# Nubian/Alpine Cross



## Bubbas Boys (Apr 11, 2013)

Anyone have this cross? Opinions?


----------



## Alice In TX/MO (May 10, 2002)

Yes. Love airplane ears. 

Genetics is a funny thing. No predictions on milk production. Alpines are slightly higher producers than Nubians, but Nubians have higher butter fat content in their milk.

Teats and udders are more important than anything. If you are looking to purchase one, look at and/or milk the dam. Look at pics of the sire's dam's udder and teats. 

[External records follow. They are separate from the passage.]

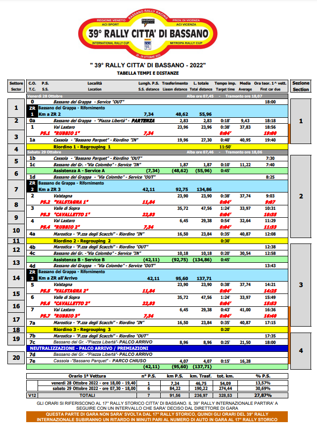 * l’orario si riferisce al 17° Rally Storico Città di Bassano. Il 39° Rally Internazionale Città di Bassano partirà a seguire con un intervallo che sarà deciso dal direttore di gara.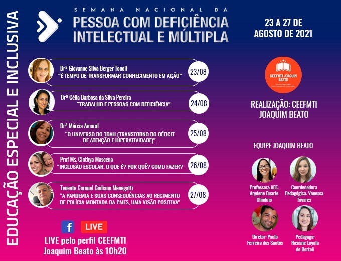 O Centro Estadual de Ensino Fundamental e Médio em Tempo Integral (CEEFMTI) Joaquim Beato, localizado na Serra, promoverá, de 23 a 27 de agosto, a “Semana da Pessoa com Deficiência Intelectual e Múltipla”, com o tema “É hora de transformar conhecimento em ação”.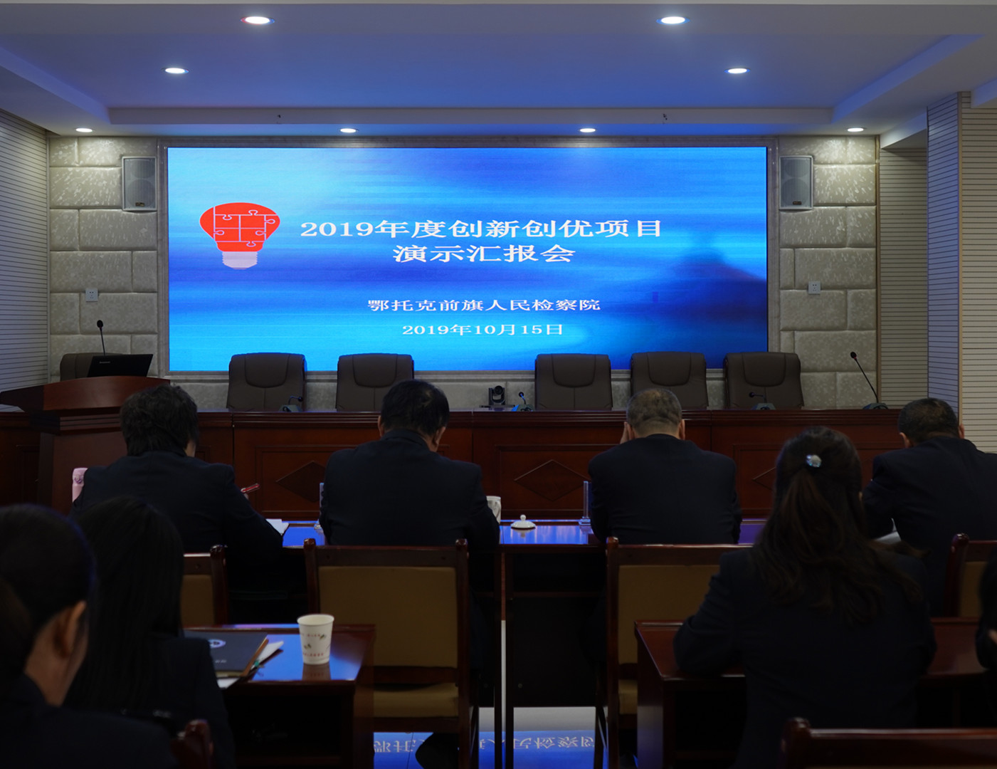 2019年以来,鄂前旗检察院立足破解制约检察工作发展的瓶颈问题,以创新创优工作为抓手,引导全体检察人员在严格遵守法律法规和工作规范的前提下,切实转变工作作风,自觉树立发展、创新的工作理念,着力营造浓厚的创新创优氛围。为进一步培育检察工作亮点,提升检察工作质效,深化创新创优成效,2019年10月15日下午,鄂前旗检察院组织召开了2019年创新创优项目演示汇报会。院党组成员、专委及全体干警参加了会议。 经过层层筛选,此次活动共有6个部门的6个项目进行了演示汇报。各项目所属部门汇报人按抽签顺序依次对本部门2019年度创新创优项目进行了演示汇报。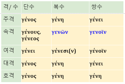 * 단수 속격이 -ος가 아니고 -ως나 -ους 등이면, 생략 축약 등 음운변화의 결과로 보고 이해한다.

Love airplane ears, but if the teats aren't good, and the udder isn't well attached, all the ears in the world won't fix it.


----------



## Kasidy (Oct 20, 2002)

I have several right now. From Nubian does crossed on an Alpine buck. Both sides good producers and good quality animals. The crossbred does produce more milk than their pure Nubian mothers, but not quite as much as the pure bred Alpines. (I hand milked for years and weighed every drop, so I know what everybody produced) But when arthritis forced me to stop milking a couple of years ago I got a Boer buck and let the "girls" raise their own kids. The kids with Nubian in them are quite a bit larger than the kids that are Alpine/Boer.
But you do need to start with good quality animals. Be sure to get Nubian does with good udders, sometimes they can have attachment problems and get rather "saggy baggy" as they age.


----------



## Woolieface (Feb 17, 2015)

I have one. She's quite a character. She's not my greatest milk producer... but that is likely due to her individual genetics. I would assume that the cross, in general, has pretty good milk output, but she is the only one I've had. I should probably cull her for her less than stellar milk production but she's just so darn charming.


----------



## Caprice Acres (Mar 6, 2005)

You'll get a toss up in genetics, it is a total outcross.  That being said, they should be hardy animals.


----------



## Agriculture (Jun 8, 2015)

I don't care for them. Airplane ears scream mongrel, and I just don't care for mongrel animals. There is no reliably consistent benefit for making that particular cross. Sure, you'll get some hybrid vigor, but it won't even be all that noticeable compared to a well bred and cared for pure animal.


----------



## V-NH (Jan 1, 2014)

All of my does are this cross. They seem fine to me. My buck is a pure bred, registered nubian [from Pruitville bloodlines no less] so I expect their kids to be even more interesting than they are. When I was initially shopping around for goats, I viewed some $300-500 pure bred, registered alpines from smaller farms. Then I went to a local goat dairy with over 800 head of milking does and viewed their purebred, day old kids that they were letting for for as little as $30-40. Then I went to a small farm that had purchased about 20 alpine/nubian cross kids and then decided they were in over their heads. They let me take three eight month or so doelings home for $100/ea. Perfect fit for me... I couldn't care less what they look like, because they'll never leave my property.


----------



## V-NH (Jan 1, 2014)

PS: I know this isn't what you all mean, but when you mention the udder not being attached well I imagine going to milk it and having the whole thing just fall off. :huh:


----------



## Caprice Acres (Mar 6, 2005)

I've seen some pretty beautiful 'mongrel' experimentals that can milk, milk, milk.  I didn't mind the airplane ears on my myotonic/boer crosses, though I prefer my upright Alpine ears any day. The airplane and lop ears are easier to tattoo though...


----------



## harvestmoonfarm (Nov 24, 2012)

My best doe is a 6-year-old experimental Nubian (Nubian over Alpine). She's my easiest keeper, has extremely high parasite resistance, and produces more than my American Alpine doe (she just milked 10.6# on yesterday's test).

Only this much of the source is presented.